Finance tops NHS bosses' concerns

4 Mar 11
NHS leaders are more worried about their budgets than the onset of GP commissioning, a survey has found.

By Mark Smulian

7 March 2011

NHS leaders are more worried about their budgets than the onset of GP commissioning, a survey has found.

The NHSConfederation asked 279 senior figures in NHS organisations to list the issues they felt would be most important in the coming year.

Finance and cost saving was rated the most important by 31% of respondents, with the transition to GP commissioning a distant third cited by 13%, behind 19% for whom quality of service and patient care was the main concern.

Only 5% said achieving foundation trust status was their most important challenge.
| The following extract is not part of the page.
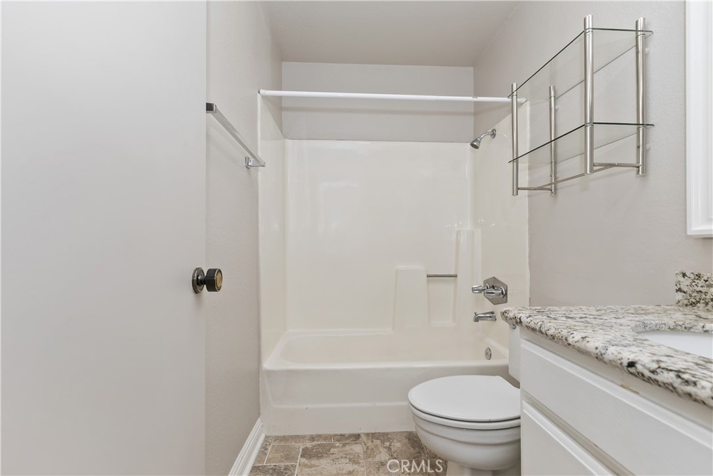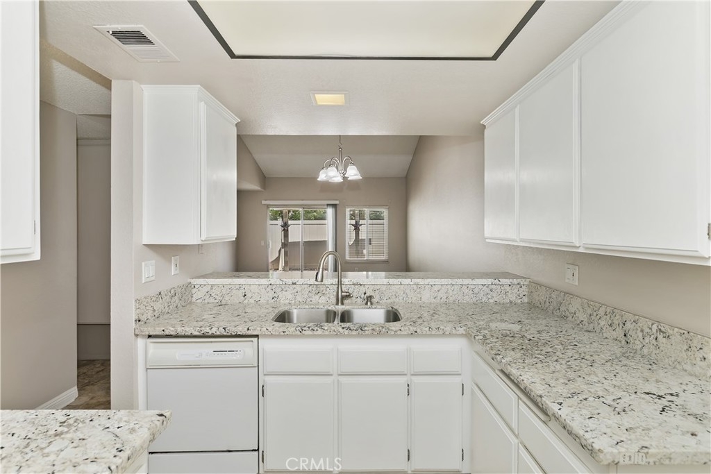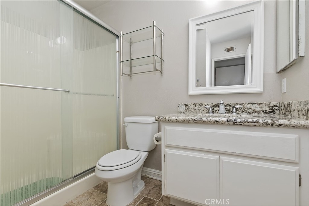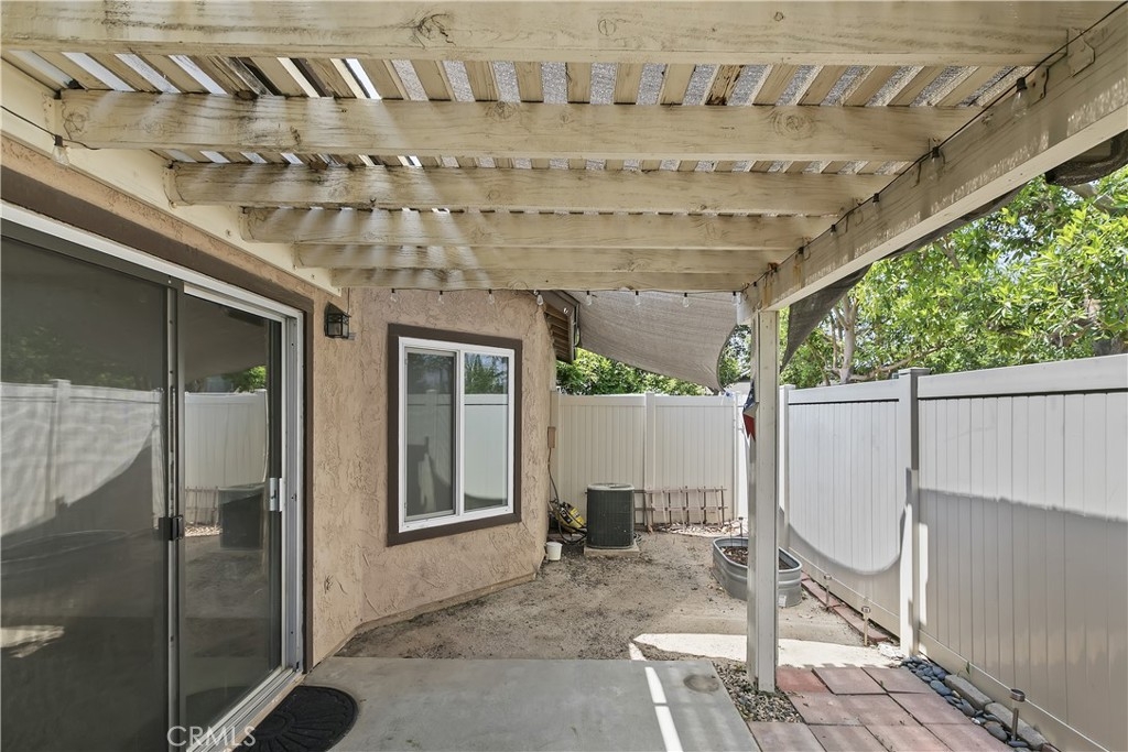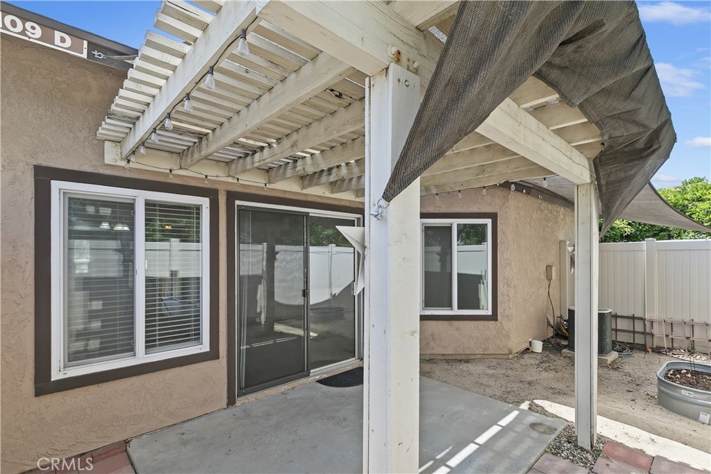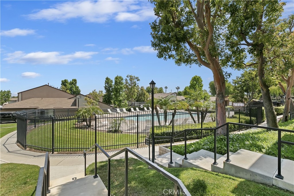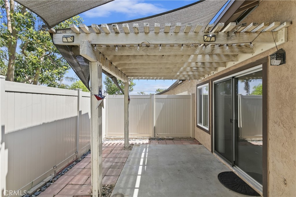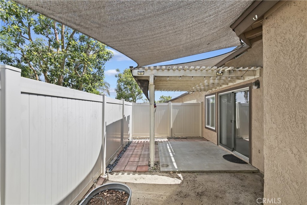 Beautiful 2 bedroom/2 bath condo single story in Laurelwood in Corona !!! Upon entry, your beautiful kitchen features granite top counters, white cabinets, stainless steel sink, stove and microwave w/ tall eating counter that opens to the spacious family room/dining room combo. Just off the family room is a slider that leads to your backyard patio with a slatted patio cover w surrounding vinyl fencing for privacy. The living space includes a hallway inside laundry between 2 separate bedrooms, each having it's own private ensuite - one with a tub shower combo and one with a shower - the bathrooms include granite tops and white cabinets, that match the kitchen. Other indoor features include blinds throughout, mirrored wardrobe doors in the bedrooms, tasteful carpet & tile flooring. The exterior in the front includes an attached single car garage with open ceilings for plenty of storage and a private single parking space in the front. The HOA includes a beautiful swimming pool and spa facility that is very spacious and relaxing for those hot summer days ahead. These single stories are very popular and go fast - thanks for showing and see you in escrow !!!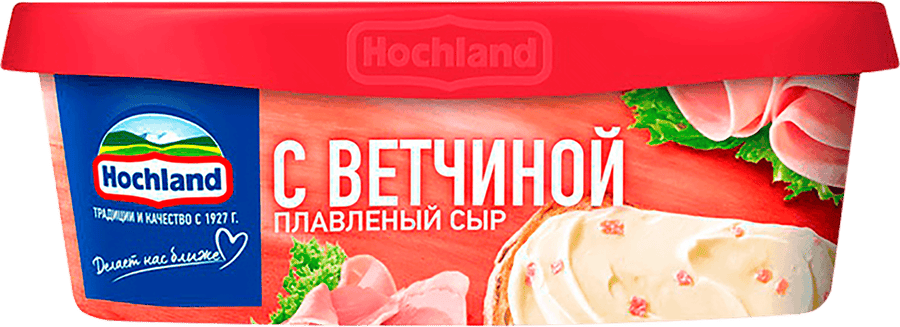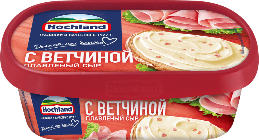 В плавленом сыре Hochland с ветчиной не просто много, а очень много кусочков настоящей ветчины. Высококачественная натуральная ветчина измельчается на кусочки прямо перед добавлением в плавленый сыр. Побалуйте себя ярким насыщенным вкусом любимого плавленого сыра Хохланд с ветчиной!

NHS Confederation acting chief executive Nigel Edwards said: ‘These results should set the alarm bells ringing. They show that while the Westminster village is focussing on NHS reform, finance is the issue keeping NHS chairs and chief executives awake at night.’

Good care standards and financial stability were ‘inextricably linked’, he said.

Edwards said worrying signals were already emerging from hospitals and primary care trusts ‘about significant money pressures’ in individual organisations, even though the NHS budget as a whole had been protected in October’s Spending Review.

The confederation said the NHS budget was broadly flat in real terms, but with efficiency savings of £15 to £20bn needed over the next four years to keep pace with rising demand at a time when the service must also implement the government’s move to GP commissioning.